**Work to complete**
Exactly reproduce the lines of the listing below from the one containing "A-oneさんの目と鼻の先に" through the one containing "- ½ cup salted". Skip the images.
(Entries supplied Opens)
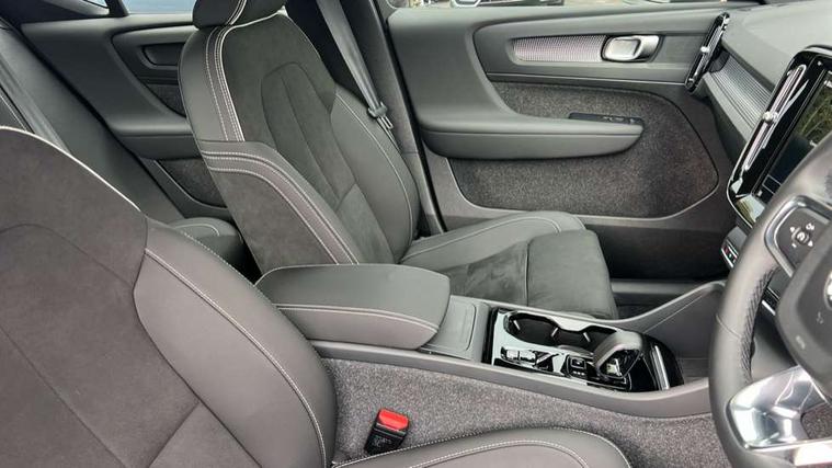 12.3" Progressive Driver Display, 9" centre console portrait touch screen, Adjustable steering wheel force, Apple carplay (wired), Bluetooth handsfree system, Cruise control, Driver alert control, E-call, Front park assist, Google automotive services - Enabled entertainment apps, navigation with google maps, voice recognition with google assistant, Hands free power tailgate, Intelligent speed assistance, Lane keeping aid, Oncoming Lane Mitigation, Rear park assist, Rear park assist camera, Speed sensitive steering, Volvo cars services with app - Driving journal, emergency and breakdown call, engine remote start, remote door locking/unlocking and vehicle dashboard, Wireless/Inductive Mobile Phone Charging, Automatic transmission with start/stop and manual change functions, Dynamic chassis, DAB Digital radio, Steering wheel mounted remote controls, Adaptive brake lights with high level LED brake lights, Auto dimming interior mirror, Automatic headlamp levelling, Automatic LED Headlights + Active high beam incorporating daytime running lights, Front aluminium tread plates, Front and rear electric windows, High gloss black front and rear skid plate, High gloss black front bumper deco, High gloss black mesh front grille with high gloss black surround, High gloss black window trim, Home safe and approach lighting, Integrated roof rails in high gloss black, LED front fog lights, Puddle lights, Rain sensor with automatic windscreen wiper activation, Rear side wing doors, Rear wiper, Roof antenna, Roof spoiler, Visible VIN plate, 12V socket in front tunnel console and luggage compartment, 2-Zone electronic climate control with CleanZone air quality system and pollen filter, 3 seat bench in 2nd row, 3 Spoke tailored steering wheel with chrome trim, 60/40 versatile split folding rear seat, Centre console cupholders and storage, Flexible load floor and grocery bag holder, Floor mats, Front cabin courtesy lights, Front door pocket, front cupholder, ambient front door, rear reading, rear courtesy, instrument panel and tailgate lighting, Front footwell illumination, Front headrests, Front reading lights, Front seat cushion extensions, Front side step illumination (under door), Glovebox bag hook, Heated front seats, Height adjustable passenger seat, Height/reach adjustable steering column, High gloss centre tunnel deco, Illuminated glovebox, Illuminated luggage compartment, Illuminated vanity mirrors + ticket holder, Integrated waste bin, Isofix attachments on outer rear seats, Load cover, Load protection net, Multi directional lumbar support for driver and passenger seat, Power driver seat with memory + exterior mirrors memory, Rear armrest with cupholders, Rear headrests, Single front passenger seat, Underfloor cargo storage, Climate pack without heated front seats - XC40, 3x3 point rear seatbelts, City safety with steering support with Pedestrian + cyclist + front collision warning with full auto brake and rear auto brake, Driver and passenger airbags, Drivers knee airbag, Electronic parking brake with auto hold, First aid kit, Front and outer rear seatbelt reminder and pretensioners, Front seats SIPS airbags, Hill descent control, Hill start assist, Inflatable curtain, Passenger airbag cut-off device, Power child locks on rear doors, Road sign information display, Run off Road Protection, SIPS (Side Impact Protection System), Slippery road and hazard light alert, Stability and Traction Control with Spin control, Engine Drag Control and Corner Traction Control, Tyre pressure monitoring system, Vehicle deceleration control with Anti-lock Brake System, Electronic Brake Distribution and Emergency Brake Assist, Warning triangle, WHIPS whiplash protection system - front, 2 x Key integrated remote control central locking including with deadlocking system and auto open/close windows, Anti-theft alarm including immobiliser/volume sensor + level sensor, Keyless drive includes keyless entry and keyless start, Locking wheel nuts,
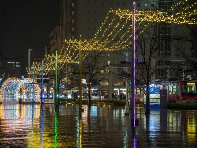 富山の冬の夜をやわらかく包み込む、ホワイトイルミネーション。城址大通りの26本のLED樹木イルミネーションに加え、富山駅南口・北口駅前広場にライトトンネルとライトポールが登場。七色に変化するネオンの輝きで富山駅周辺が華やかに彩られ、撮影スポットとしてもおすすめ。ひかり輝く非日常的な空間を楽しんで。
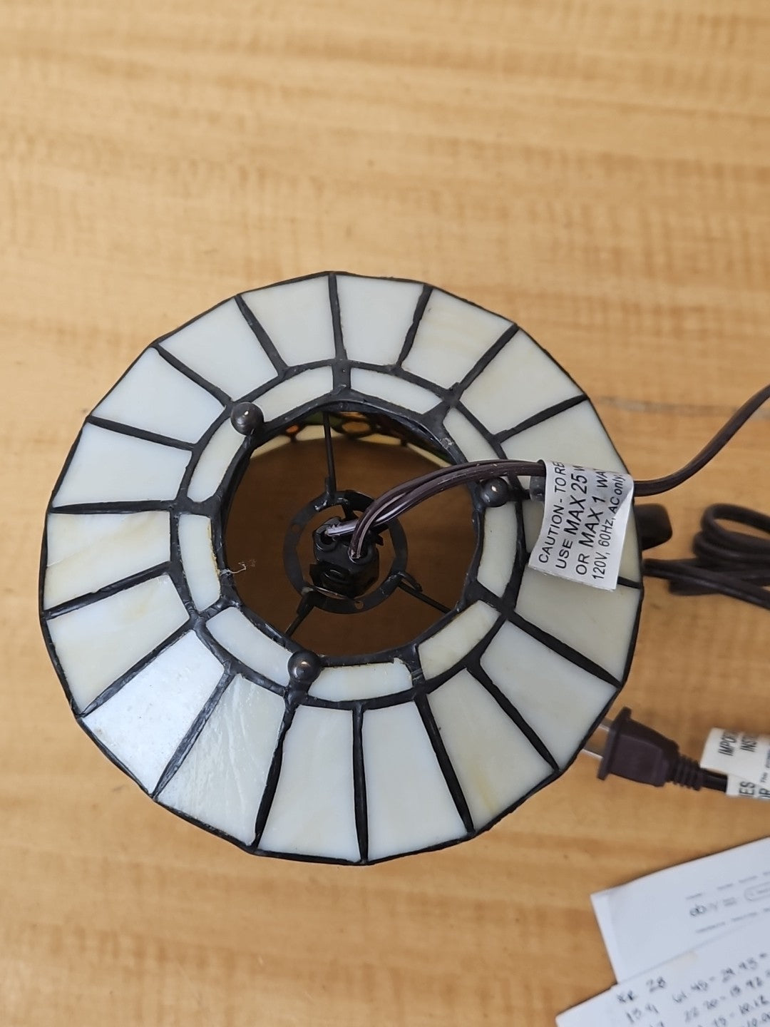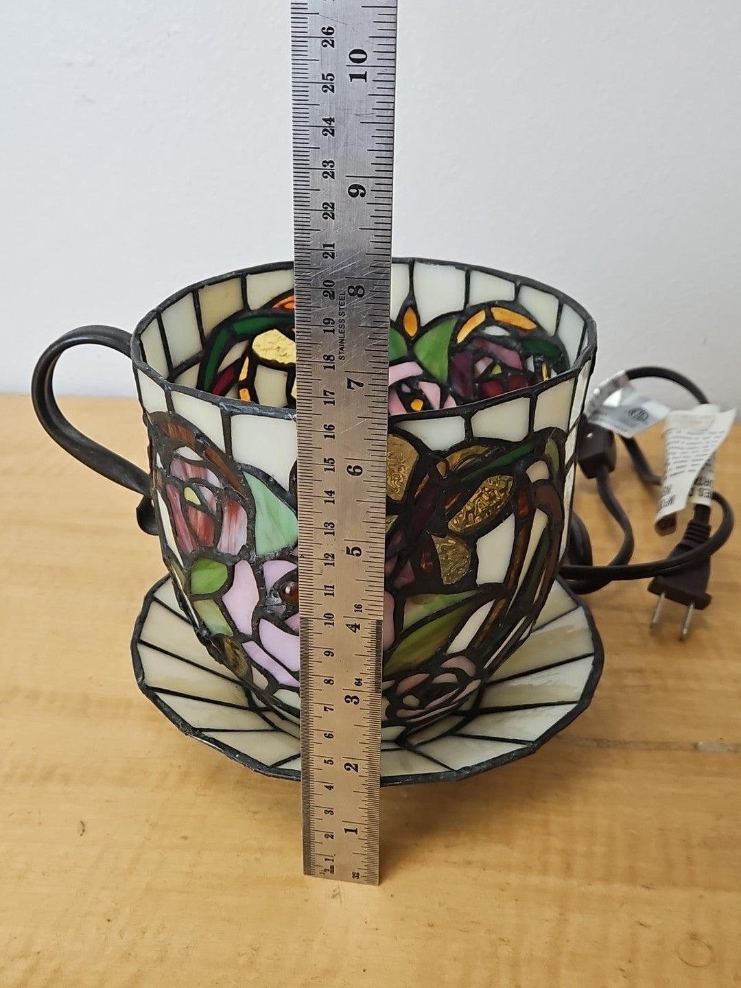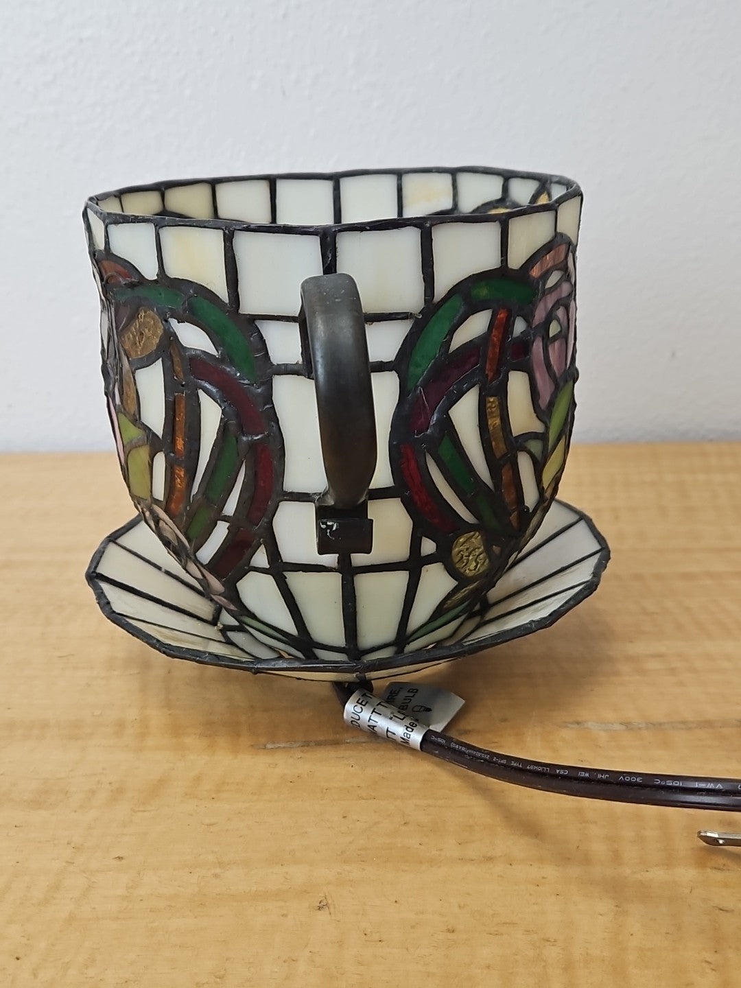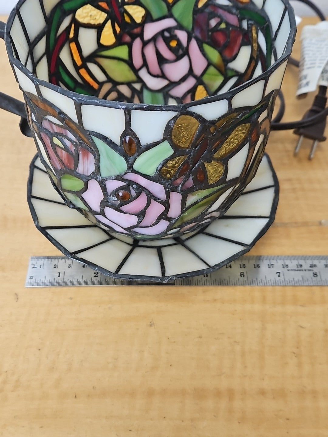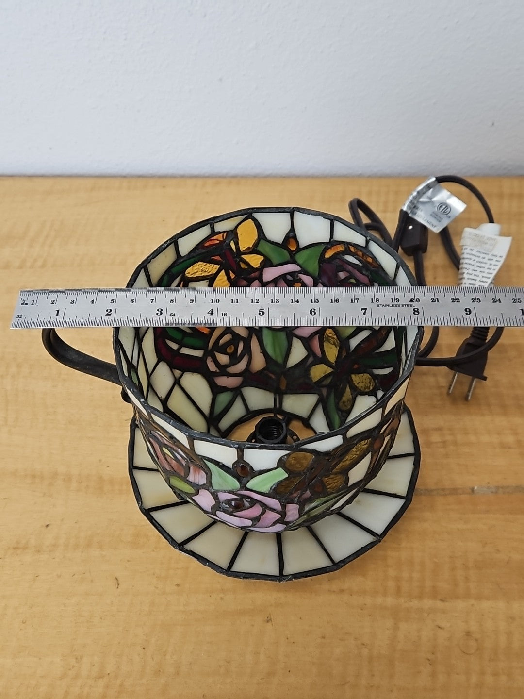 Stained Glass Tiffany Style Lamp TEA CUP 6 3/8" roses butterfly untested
(Entries supplied Closes)
(Entries supplied Opens)
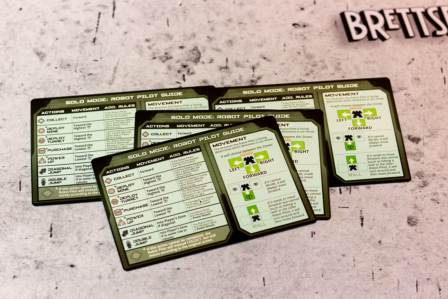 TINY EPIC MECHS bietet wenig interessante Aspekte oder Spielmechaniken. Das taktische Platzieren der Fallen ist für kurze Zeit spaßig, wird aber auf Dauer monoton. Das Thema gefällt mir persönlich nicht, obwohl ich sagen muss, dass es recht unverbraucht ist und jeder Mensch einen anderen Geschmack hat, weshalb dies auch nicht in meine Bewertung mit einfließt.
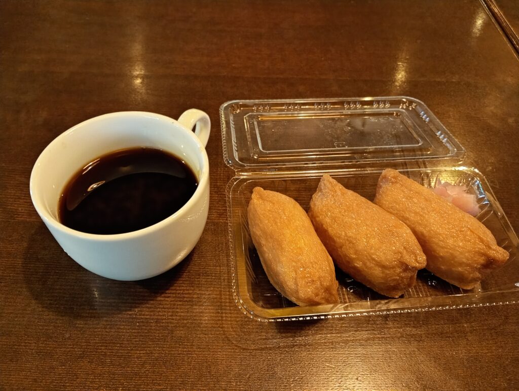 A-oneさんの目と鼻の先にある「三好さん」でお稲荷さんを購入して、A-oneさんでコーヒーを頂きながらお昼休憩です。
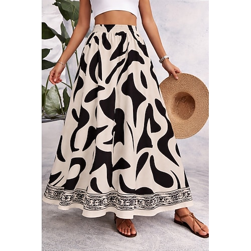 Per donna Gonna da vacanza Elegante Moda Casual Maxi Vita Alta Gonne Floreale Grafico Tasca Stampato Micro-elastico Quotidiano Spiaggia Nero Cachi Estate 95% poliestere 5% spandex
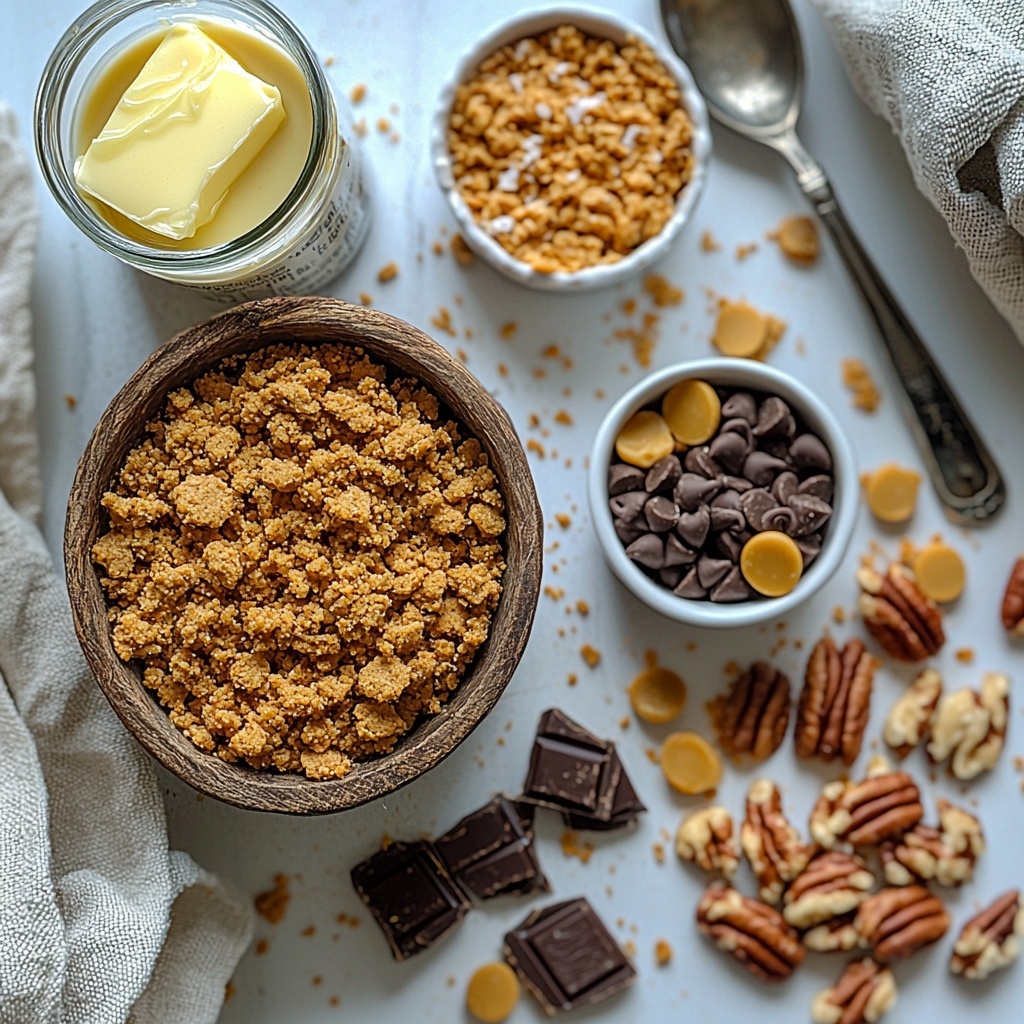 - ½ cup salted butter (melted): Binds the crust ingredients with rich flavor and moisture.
(Entries supplied Closes)
**Task answer**
 A-oneさんの目と鼻の先にある「三好さん」でお稲荷さんを購入して、A-oneさんでコーヒーを頂きながらお昼休憩です。
 Per donna Gonna da vacanza Elegante Moda Casual Maxi Vita Alta Gonne Floreale Grafico Tasca Stampato Micro-elastico Quotidiano Spiaggia Nero Cachi Estate 95% poliestere 5% spandex
 - ½ cup salted butter (melted): Binds the crust ingredients with rich flavor and moisture.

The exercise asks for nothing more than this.